SUPPLIED MATERIAL.
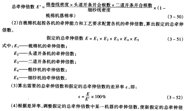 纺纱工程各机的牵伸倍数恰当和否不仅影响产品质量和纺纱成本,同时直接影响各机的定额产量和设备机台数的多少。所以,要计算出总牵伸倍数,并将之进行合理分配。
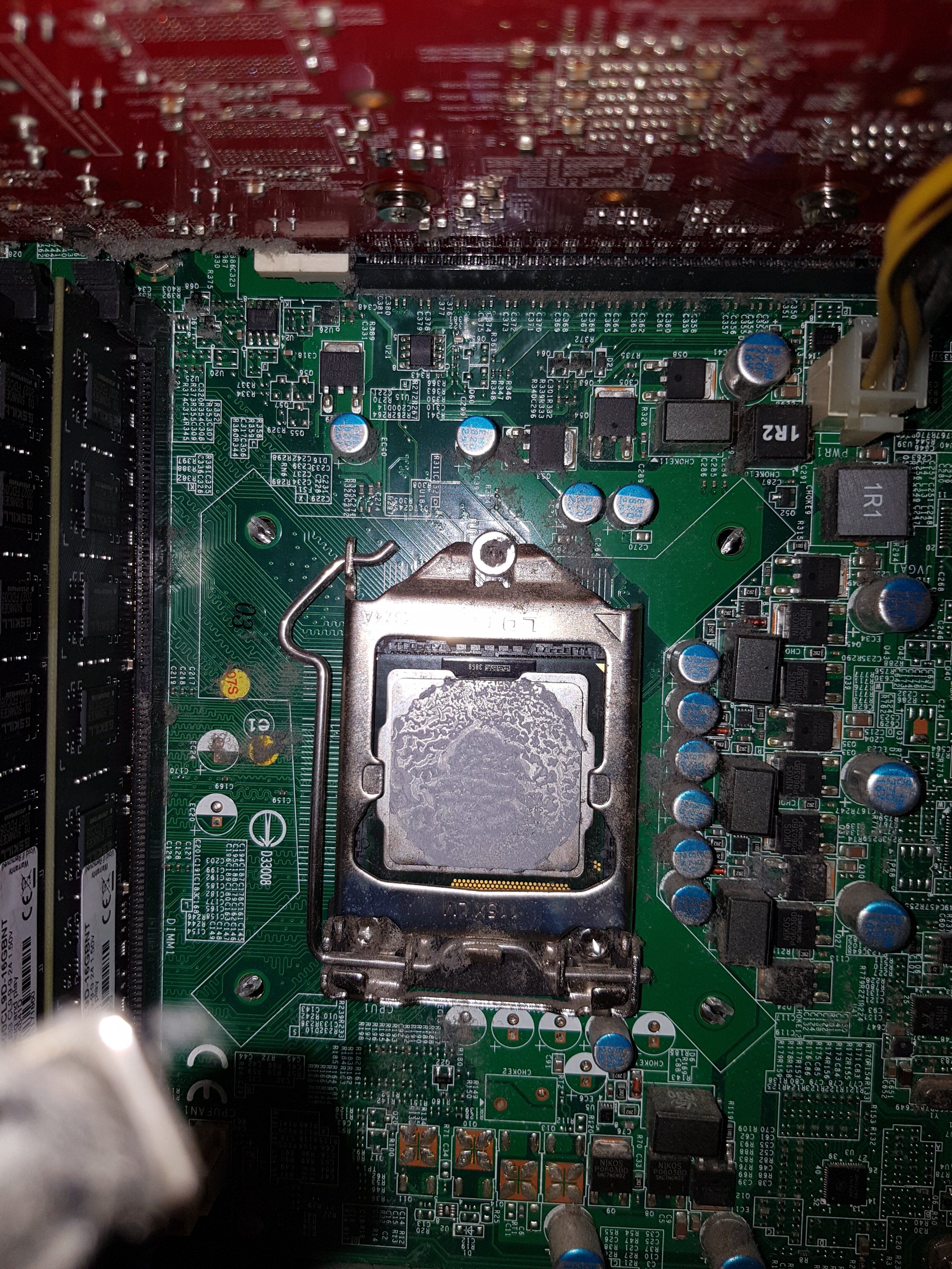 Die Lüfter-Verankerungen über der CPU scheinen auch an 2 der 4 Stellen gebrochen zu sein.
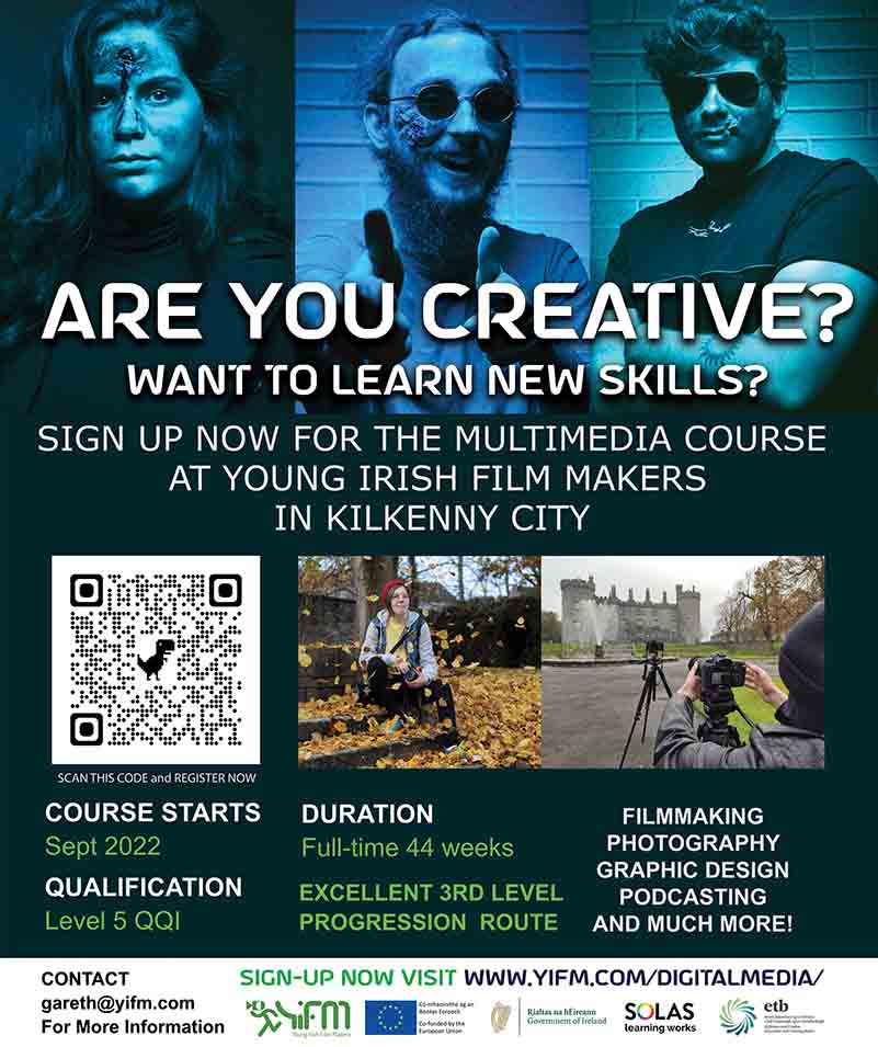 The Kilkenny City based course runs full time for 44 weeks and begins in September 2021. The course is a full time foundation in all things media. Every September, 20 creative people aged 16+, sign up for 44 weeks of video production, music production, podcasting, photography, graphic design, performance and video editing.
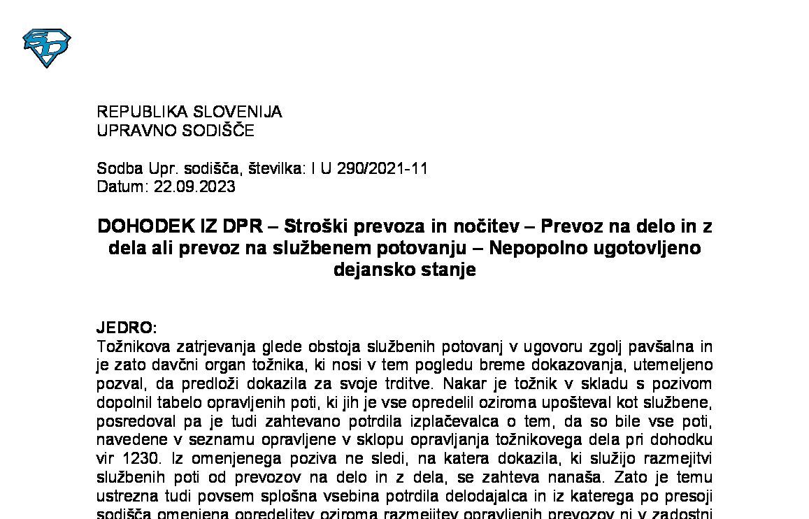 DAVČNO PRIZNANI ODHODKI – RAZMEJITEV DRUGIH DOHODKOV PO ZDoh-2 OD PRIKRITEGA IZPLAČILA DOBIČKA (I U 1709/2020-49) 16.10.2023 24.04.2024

--

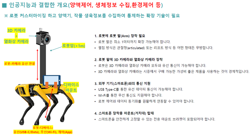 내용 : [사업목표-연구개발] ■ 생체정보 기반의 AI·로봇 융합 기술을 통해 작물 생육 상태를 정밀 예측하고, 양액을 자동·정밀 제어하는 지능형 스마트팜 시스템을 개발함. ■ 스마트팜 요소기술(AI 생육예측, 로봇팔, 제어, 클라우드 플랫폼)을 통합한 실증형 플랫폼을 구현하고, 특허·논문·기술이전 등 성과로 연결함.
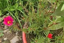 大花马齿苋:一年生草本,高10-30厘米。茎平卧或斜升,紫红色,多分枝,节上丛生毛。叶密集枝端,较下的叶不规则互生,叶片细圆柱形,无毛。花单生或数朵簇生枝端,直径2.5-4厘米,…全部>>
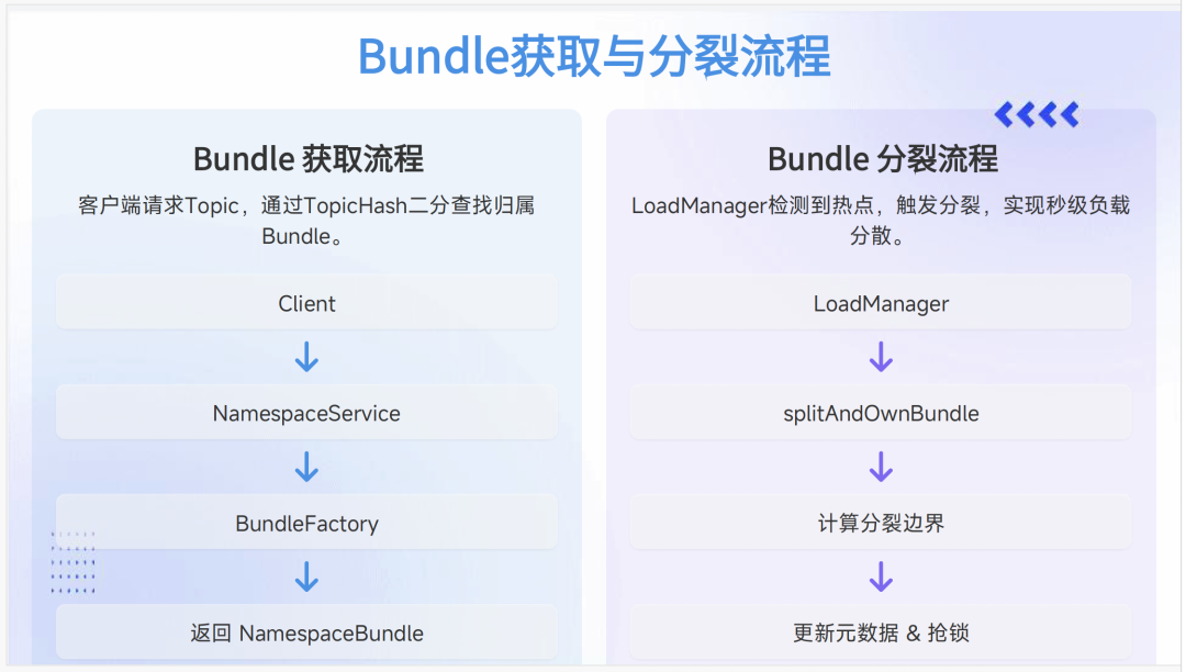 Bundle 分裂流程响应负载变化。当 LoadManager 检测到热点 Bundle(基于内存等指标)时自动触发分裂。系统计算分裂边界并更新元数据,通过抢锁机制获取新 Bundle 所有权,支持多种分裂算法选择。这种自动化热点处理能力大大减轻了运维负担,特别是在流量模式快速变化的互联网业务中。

...

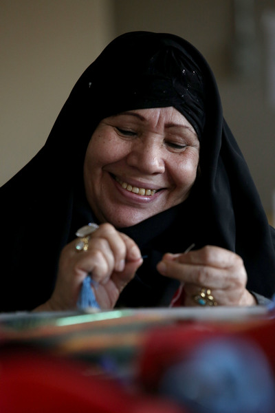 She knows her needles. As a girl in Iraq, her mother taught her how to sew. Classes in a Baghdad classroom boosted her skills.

THE TASK.
Exercise for the records above: copy only the lines from the one with "내용 : [사업목표-연구개발]" to the one with "Bundle 分裂流程响应负载变化。当 LoadManager", both ends kept, and drop the pictures.

ANSWER SECTION.
 내용 : [사업목표-연구개발] ■ 생체정보 기반의 AI·로봇 융합 기술을 통해 작물 생육 상태를 정밀 예측하고, 양액을 자동·정밀 제어하는 지능형 스마트팜 시스템을 개발함. ■ 스마트팜 요소기술(AI 생육예측, 로봇팔, 제어, 클라우드 플랫폼)을 통합한 실증형 플랫폼을 구현하고, 특허·논문·기술이전 등 성과로 연결함.
 大花马齿苋:一年生草本,高10-30厘米。茎平卧或斜升,紫红色,多分枝,节上丛生毛。叶密集枝端,较下的叶不规则互生,叶片细圆柱形,无毛。花单生或数朵簇生枝端,直径2.5-4厘米,…全部>>
 Bundle 分裂流程响应负载变化。当 LoadManager 检测到热点 Bundle(基于内存等指标)时自动触发分裂。系统计算分裂边界并更新元数据,通过抢锁机制获取新 Bundle 所有权,支持多种分裂算法选择。这种自动化热点处理能力大大减轻了运维负担,特别是在流量模式快速变化的互联网业务中。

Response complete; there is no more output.